A one-week payout test for an AI restaurant assistant
Start with one outlet and one ordinary week. Before using Guru to change anything, save seven days of orders, gross sales, average order value, cancellations, restaurant-funded discounts, ad charges, commission, taxes, other deductions and the amount that actually reached the payout account. Do not rebuild a perfect spreadsheet. Use the statements the owner already receives.
Then ask Guru to explain three settled days from that baseline. The arithmetic should reconcile to the payout statement, and every charge should have a name. If the assistant cannot explain a completed statement, it should not be trusted to recommend a new spend against future sales.
For the first live campaign, require a preview before approval: budget, duration, targeted menu items, customer discount, restaurant share, estimated extra orders, expected gross sales and expected net payout. Save that preview next to the OTP or other consent record.

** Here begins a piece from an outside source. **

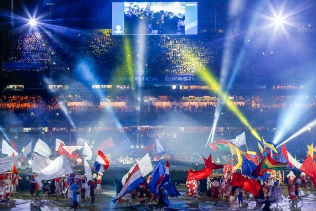 El espectáculo, de unos quince minutos de duración, se desplegó sobre el césped del estadio instantes antes del partido entre Brasil y Bolivia, detalló la agencia española EFE.

At the end of the campaign, compare the forecast with the settlement rather than with the order chart.
The useful denominator is each rupee kept. Count incremental orders, food and packaging cost, refunds, ad spend, discount funding and every platform deduction. Also count the owner’s reconciliation time. A campaign that adds orders while shrinking contribution or creating an hour of payout detective work is not a clean win.

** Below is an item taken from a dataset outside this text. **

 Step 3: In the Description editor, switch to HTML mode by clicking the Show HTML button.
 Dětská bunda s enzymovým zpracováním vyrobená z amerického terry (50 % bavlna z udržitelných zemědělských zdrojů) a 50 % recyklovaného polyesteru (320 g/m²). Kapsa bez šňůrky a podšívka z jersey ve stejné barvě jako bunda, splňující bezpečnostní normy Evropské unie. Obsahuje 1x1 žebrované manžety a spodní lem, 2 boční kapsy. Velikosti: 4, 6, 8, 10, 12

Set a stop rule before the trial. Pause if a campaign exceeds its approved budget, a disabled promotion restarts, the payout cannot be reconciled, or the assistant recommends another spend before explaining the previous one. The goal is not to teach an owner how to supervise more software. It is to make the business easier to understand.
Noah wants a closing-time answer. Mara wants the incentive shown.
Noah Park would test Guru when the kitchen is quiet and the owner wants to go home. Ask one question: “After every Swiggy charge, what did I keep today, and which three orders changed that answer most?” If the response still sends the owner through tax annexures, campaign tabs and settlement PDFs, the chat has not removed the bookkeeping trip.
Mara Vale is wary of advice and sales sharing the same button. Swiggy’s own investor presentation pairs restaurant growth programs with ad and discount optimization, while its food-delivery business benefits from advertising revenue. That does not make every recommendation bad. It means the assistant should label when Swiggy earns from the action it is proposing and show a no-spend alternative beside it.
Noah’s test is about whether the answer helps tonight. Mara’s is about whether the answer is honest about who benefits. Guru needs both. A fast recommendation is useful only when the owner can see the bill before approving it.
What a good restaurant AI assistant should leave behind
The best version of Guru would make a restaurant’s numbers easier to challenge. Every campaign could have one compact record: the recommendation, reason, expected cost, owner approval, changes made, stop date, final payout effect and any refund or correction. The owner should be able to export it without asking support to reconstruct the history.
Its multilingual answers should preserve the numbers and the uncertainty. “Orders may rise” is different from “profit will rise.” A translated recommendation should not become more confident than the underlying evidence, and a spoken approval should resolve into the same visible budget and end date as a typed one.
Swiggy has put a potentially useful assistant in reach of neighborhood kitchens that will never hire a data analyst. The hard part is already sitting inside the product: Guru can see orders, campaigns and payouts together. Now it has to resist grading itself on the easiest number.
For a restaurant owner, more orders are not the finish line. A clean payout, understood before closing time, is much closer.